Company culture is a 'living, breathing thing.' Make sure behavior matches intention - Technical.ly

Company Culture

Company culture is a ‘living, breathing thing.’ Make sure behavior matches intention

Wondering how to define and maintain culture, especially during growth periods? Truvelop's Lisa First-Willis, Included's Raafi Alidina and author Stephan Aarstol have some answers.

Humans at work.

(Photo by CoWomen from Pexels)

For Included’s Raafi Alidina, the problem many organizational leaders struggle with in establishing culture is not what it means for their own company, but what it means at all.

“One of the things that I think is often difficult is not just ‘What is in our culture?’ but what do you mean by the word ‘culture’?” Alidina said.

He found his answer during the testimony of former Barclay’s CEO Bob Diamond, who said that culture is how people behave when no one is watching. Alidina spoke on the topic during last week’s Philly Tech Week presented by Comcast’s Introduced by Technical.ly conference. Alongside Truvelop CEO and cofounder Lisa First-Willis and Stephan Aarstol, author of “The Five Hour Workday,” Alidina discussed strategies in finding company culture, and how to maintain it even as companies grow.

“Culture is built on the behaviors of the people in the organization, and it’s kind of a cycle,” Alidina said. “The behaviors define the culture and then the culture that is built by those behaviors reinforces those behaviors.”

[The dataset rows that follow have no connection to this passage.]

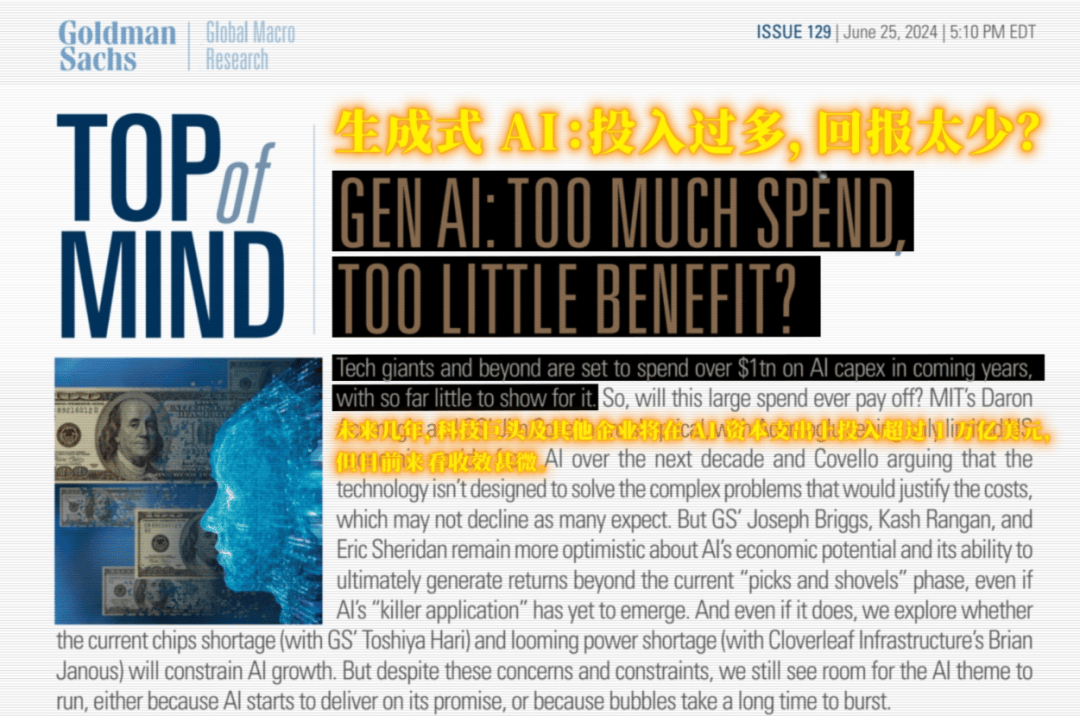 高盛甚至发布过一份 30 多页报告,核心观点就是“AI 投入巨大,收益有限”。
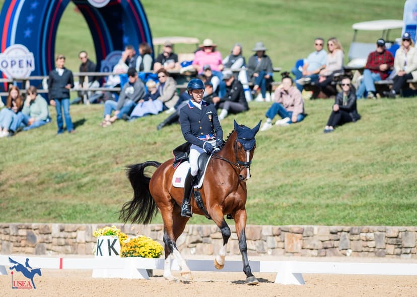 The dressage phase of the US Equestrian Open Eventing Final CCI4*-L concluded on Friday at Morven Park International Equestrian Center. 16 horse-and-athlete combinations took their turn down the centerline, making up the second half of the 30 total starters of the US Equestrian Open Eventing Fina...
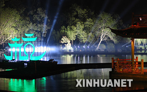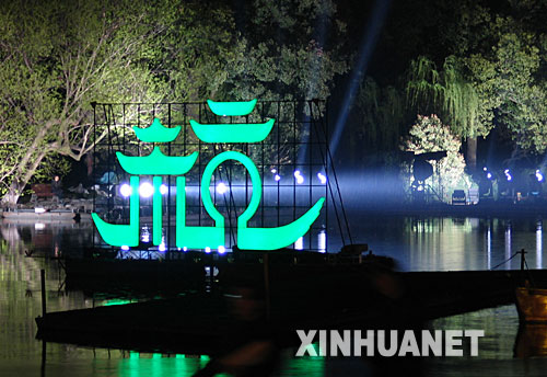 3月28日,“杭州城标”在西湖揭晓。新城标是以汉字“杭”的篆书进行演变,将航船、城廓、建筑、园林、拱桥等诸多要素融入其中。新华社记者方益波摄
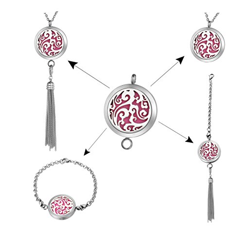 -. Title : Stainless Steel Aromatherapy Essential Oil Diffuser Necklace with Pierced,Silver Tone
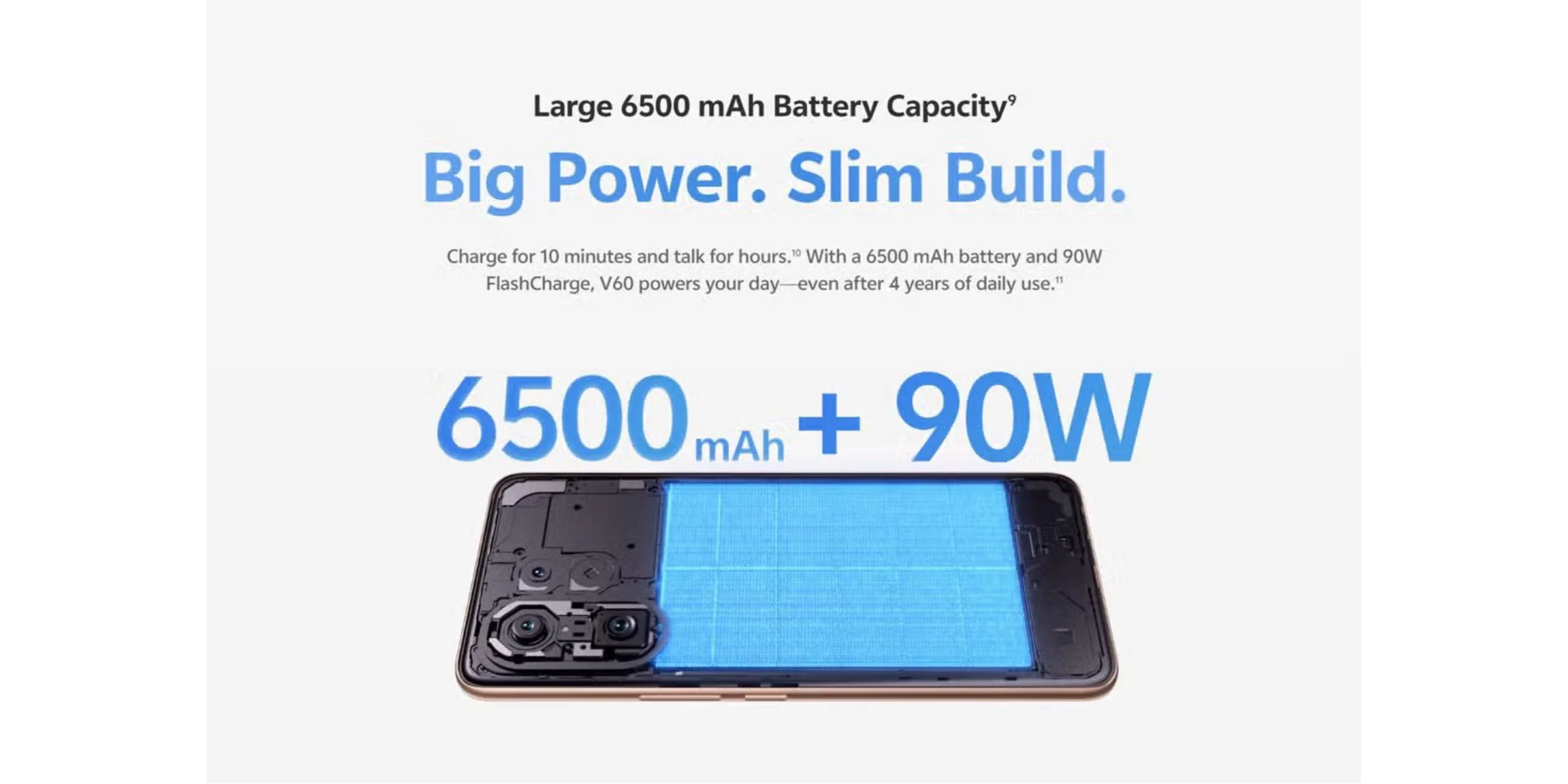 Kapasitas baterai besar 6500 mAh menjadi salah satu keunggulan utama Vivo V60 5G, mampu bertahan lebih lama untuk penggunaan intensif. Dukungan 90W fast charging (Power Delivery) membuat pengisian daya jauh lebih cepat, ditambah fitur reverse wired charging serta bypass charging yang menjaga performa baterai tetap optimal. Dengan kombinasi daya tahan luar biasa dan teknologi pengisian cepat, Vivo V60 5G siap menemani aktivitas seharian penuh tanpa khawatir kehabisan daya.
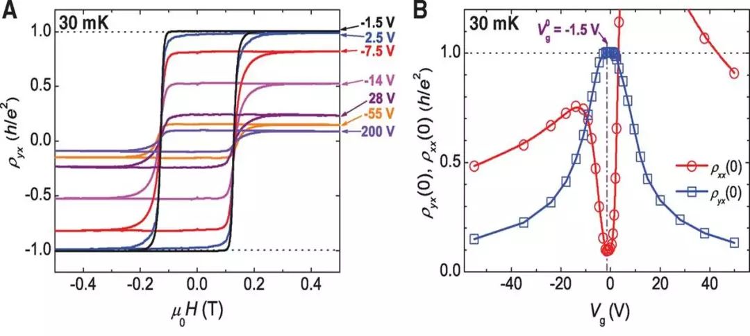 图3. (A) 不同栅压下霍尔电阻随磁场的变化;(B) 零场下霍尔电阻和纵向电阻随偏压的变化[Science 340, 167 (2013)]。
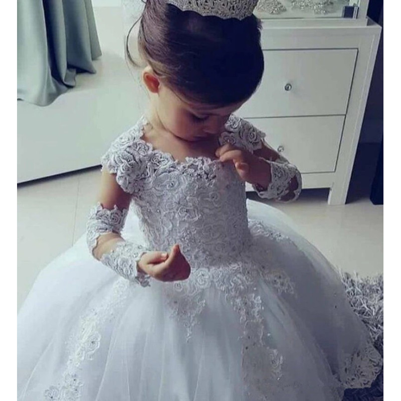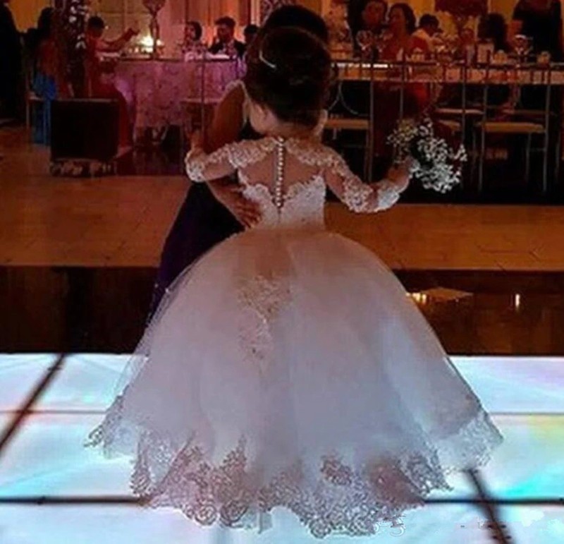 Robes De Mariage À Fleurs Blanches Pour Filles, En Tulle, En Dentelle Demi-Manches, Robes De Fête De Première Communion Pour Enfants
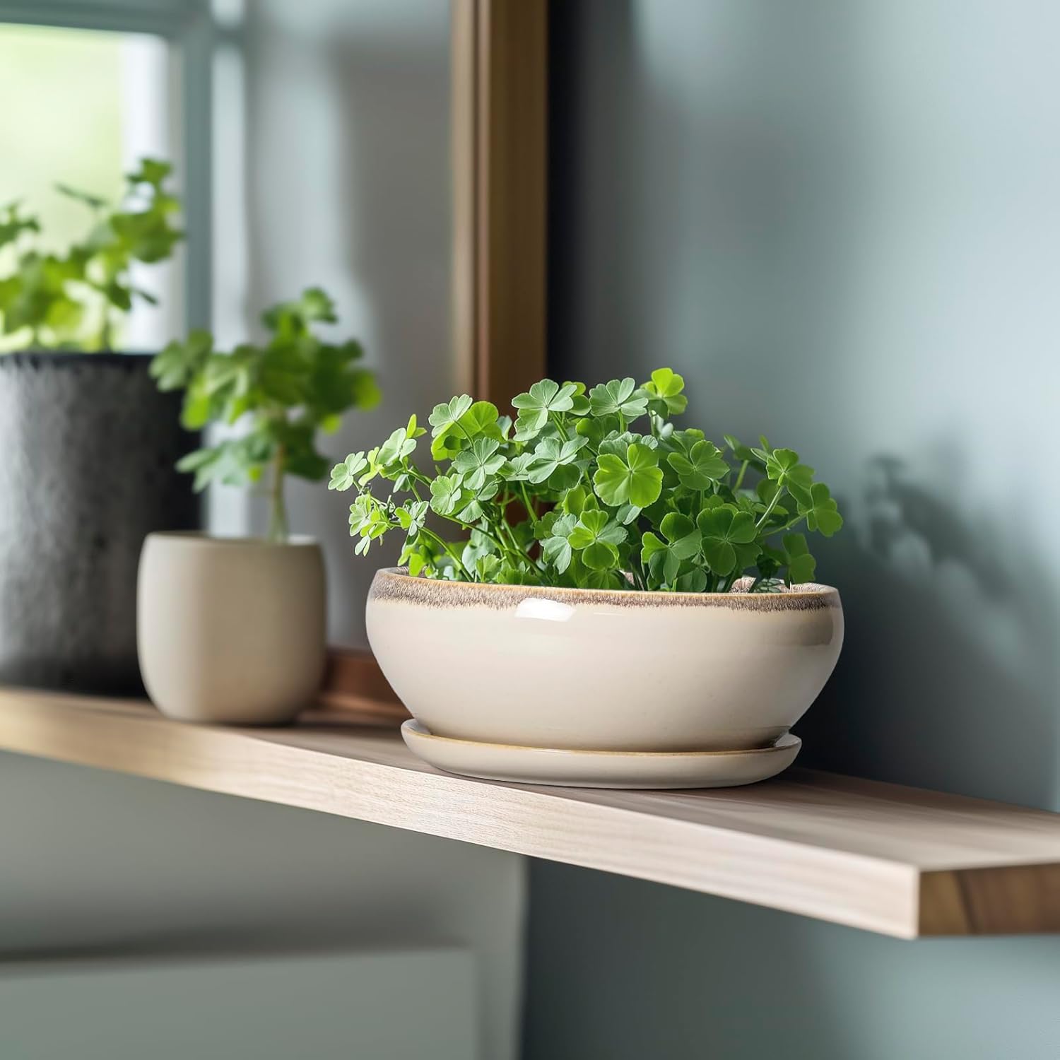 SQOWL Succulent Pots 8 Inch - Ceramic Bonsai Pots for Indoor Plants, Round Shallow Plant Pot with Drainage Hole and Saucer, Bowl Planter Outdoor, Patio Decor, Plant Lover Gifts, Beige
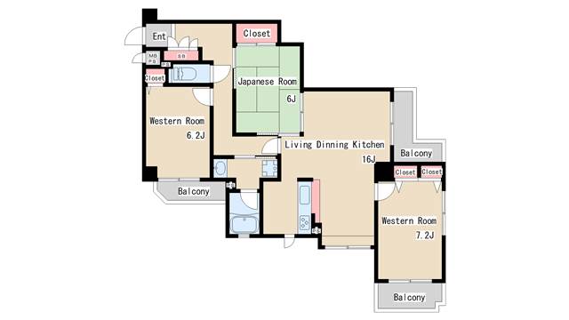 | 間取り | 3LDK | 間取り詳細 | 和室6 洋室6.2 洋室7.2 |
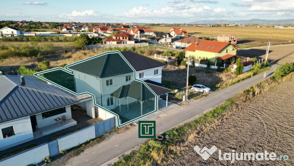 Suprafața construită este de 154 mp, iar cea utilă de 96 mp, desfășurată pe parter, mansardă și pod. Terenul are 342 mp, cu un front stradal de 8 metri și acces direct din drum asfaltat. Compartimentarea este practică și bine gândită: living luminos, bucătărie spațioasă, trei dormitoare, două băi complet funcționale, o terasă acoperită de 7,6 mp, dar și o cameră tehnică situată sub scară, unde se află centrala termică și spațiu suplimentar pentru depozitare și mașina de spălat. În fața casei, proprietarii beneficiază de o parcare acoperită de 18 mp.
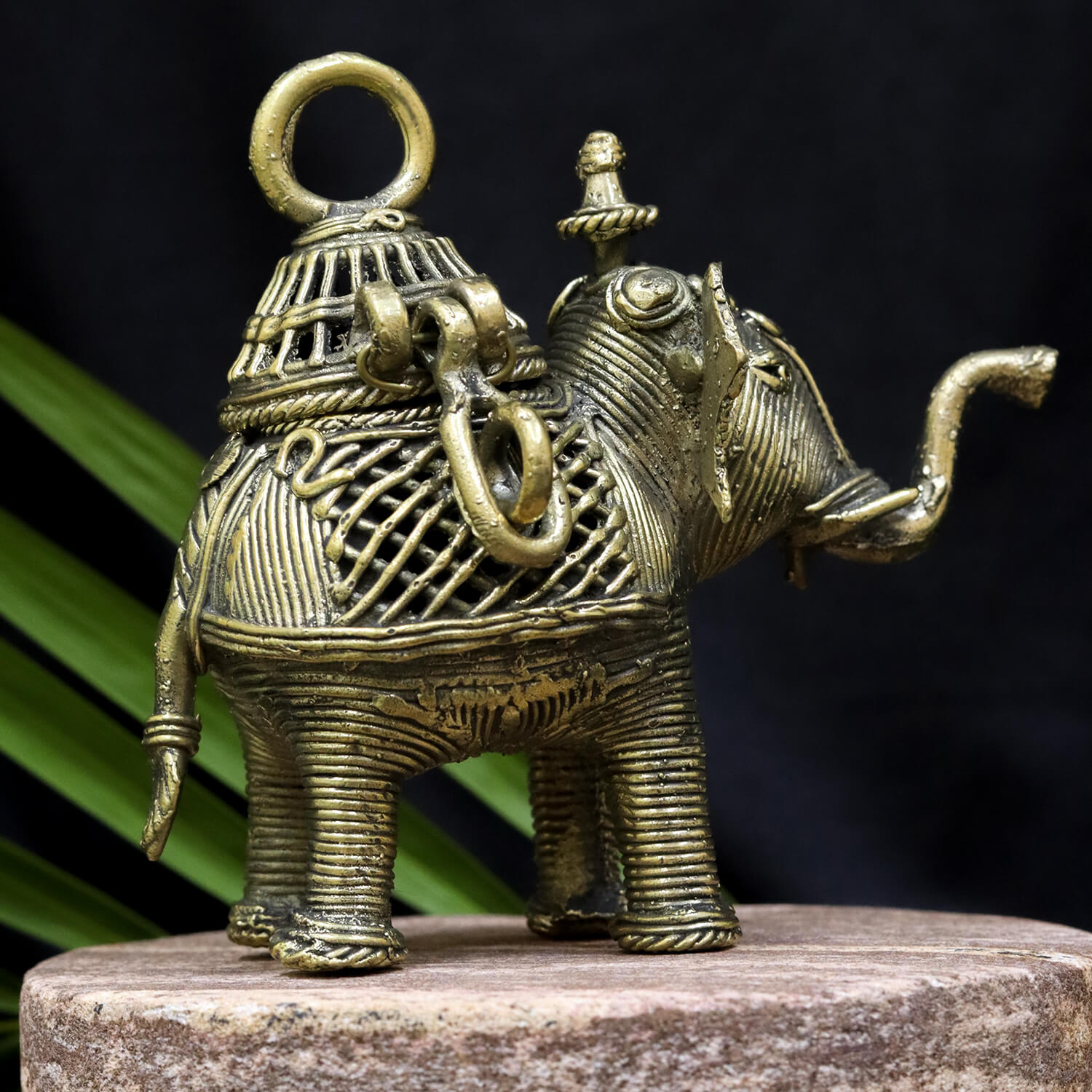 An elegant and unique curio with a raw, rustic appeal to enhance your decor. Dhokra is a beautiful, ancient craft and amongst the oldest traditional techniques of metal casting in India, practiced for over 4,000 years. The lost wax technique, cire perdue is the medium of metalworkers in Madhya Pradesh, Chhattisgarh, Odisha and West Bengal. This craft dates back to pre-historic times of the Harappa and Mohenjodaro Civilizations. Entirely handcrafted, the unique 13 stage process of Dhokra/ Bell metal making is an outcome of the original craft instinct handed down through the centuries. Dhokra/ Bell metal is an alloy of brass, nickel and zinc that gives an antique effect to the castings.

Culture is a living, breathing thing.

Unless you’ve missed the two-people-in-a-garage-to-unicorn-status lore, we all know businesses change over time. What started as a three-person startup team can grow to hundreds of employees, and that sometimes means that the company culture you started out with isn’t possible to maintain anymore.

“Your culture is a living, breathing thing. So as you hire more people your culture is going to shift, it’s going to adapt, and if it’s not then you’ve got a problem,” First-Willis said. “There [can be] a real disconnect because those behaviors, those core values, your vision, your mission, all those things tie directly into culture.”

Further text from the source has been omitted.